**Assigned task**
Retype the listing exactly, minus its pictures.

**Records**
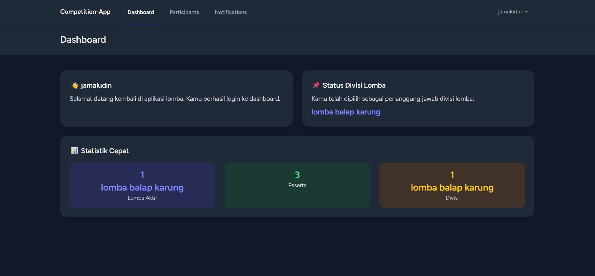 Web Application & Sistem aplikasi berbasis web manajemen panitia dan peserta untuk mengatur kegiatan lomba 17an.
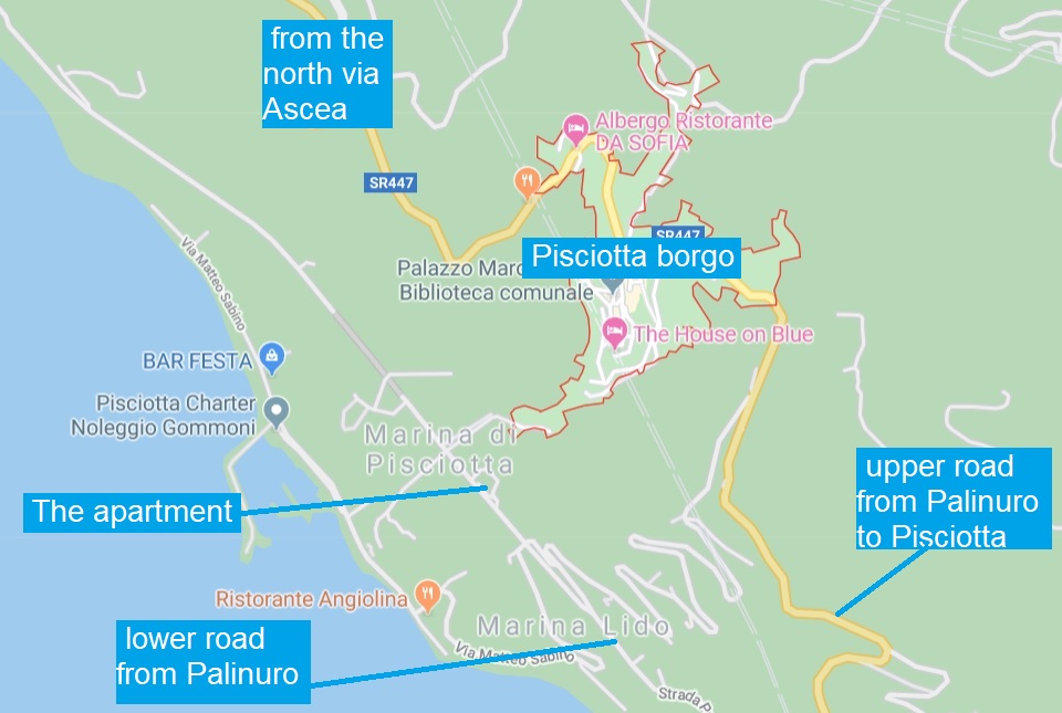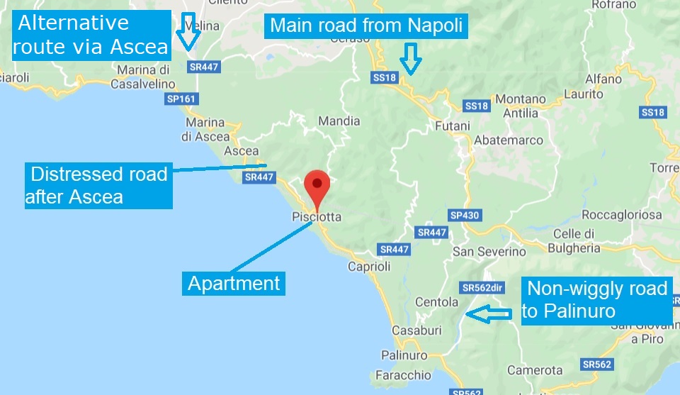 Although approaching Pisciotta directly from the north is the most logical this will involve tranversing a section of unstable road - not accessible to larger vehicles
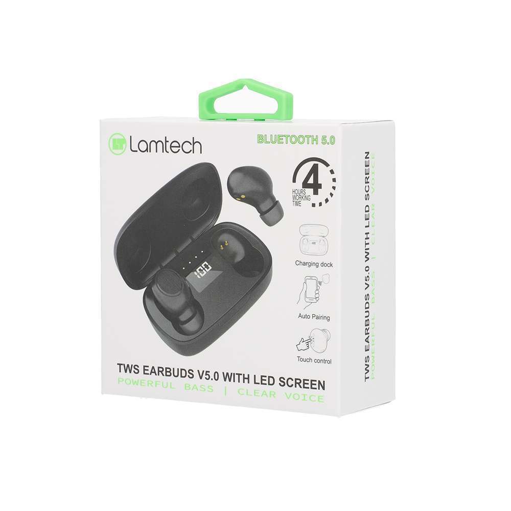 LAMTECH TWS EARBUDS V5.0 WITH LED SCREEN BLACK
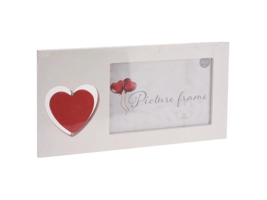 Skvělý dárek na Svatého Valentýna! Bílý fotorámeček ze dřeva se srdcem v červené barvě o rozměrech 13x25 cm je stylovým a romantickým doplňkem pro váš interiér. Tento rámeček je navržen tak, aby zvýraznil vaše oblíbené fotografie a zároveň přidal do prostoru nádech lásky a osobního stylu.
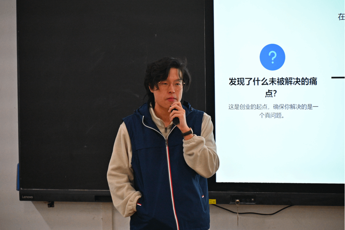 活动伊始,计科2403班李佳宸以《从0到1:创业思考分享》为主题,从“为什么是你”“需求验证”“搭班子”等维度,面向创业初期群体展开系统阐述。针对“把融资当终点”“把情怀当需求”等常见认知误区,他结合“创业初心三问”与“四步漏斗验证法”的核心思路,搭配股权分配原则、前10号员工梯队画像的实例,拆解了从需求到团队的实操框架,为初创者从0到1启动项目提供了清晰的行动指导。
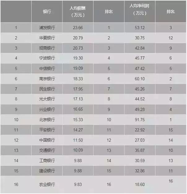 16家银行工资排行表
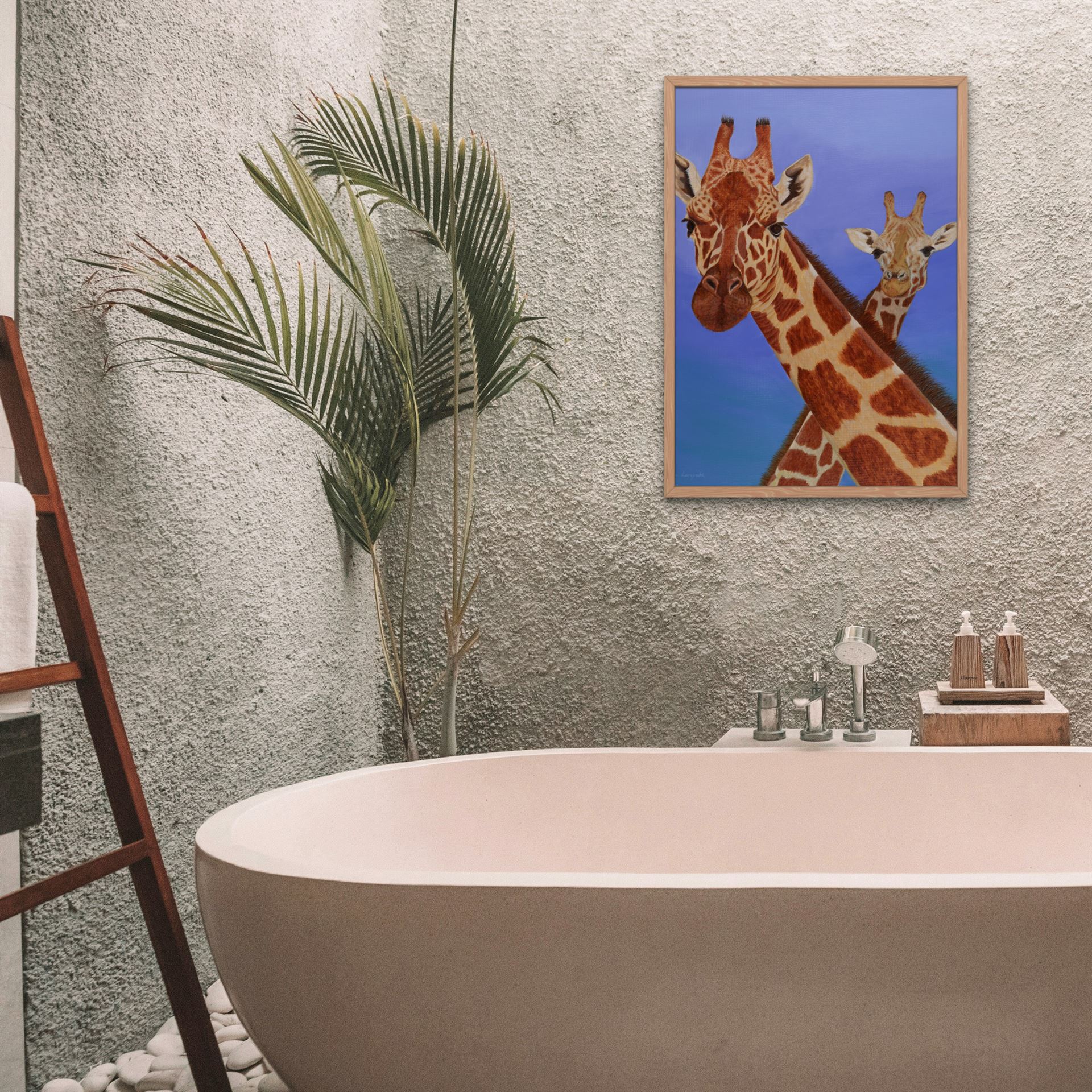 Giraffes symbolize grace, intuition, and community, making this painting not just an aesthetically pleasing piece, but one with profound meaning. “High Society” is the perfect centerpiece for a living room, a peaceful addition to a nursery, or a sophisticated statement in an office or study, inviting tranquility and natural elegance into any space.

**Output for this exercise**
 Web Application & Sistem aplikasi berbasis web manajemen panitia dan peserta untuk mengatur kegiatan lomba 17an.
 Although approaching Pisciotta directly from the north is the most logical this will involve tranversing a section of unstable road - not accessible to larger vehicles
 LAMTECH TWS EARBUDS V5.0 WITH LED SCREEN BLACK
 Skvělý dárek na Svatého Valentýna! Bílý fotorámeček ze dřeva se srdcem v červené barvě o rozměrech 13x25 cm je stylovým a romantickým doplňkem pro váš interiér. Tento rámeček je navržen tak, aby zvýraznil vaše oblíbené fotografie a zároveň přidal do prostoru nádech lásky a osobního stylu.
 活动伊始,计科2403班李佳宸以《从0到1:创业思考分享》为主题,从“为什么是你”“需求验证”“搭班子”等维度,面向创业初期群体展开系统阐述。针对“把融资当终点”“把情怀当需求”等常见认知误区,他结合“创业初心三问”与“四步漏斗验证法”的核心思路,搭配股权分配原则、前10号员工梯队画像的实例,拆解了从需求到团队的实操框架,为初创者从0到1启动项目提供了清晰的行动指导。
 16家银行工资排行表
 Giraffes symbolize grace, intuition, and community, making this painting not just an aesthetically pleasing piece, but one with profound meaning. “High Society” is the perfect centerpiece for a living room, a peaceful addition to a nursery, or a sophisticated statement in an office or study, inviting tranquility and natural elegance into any space.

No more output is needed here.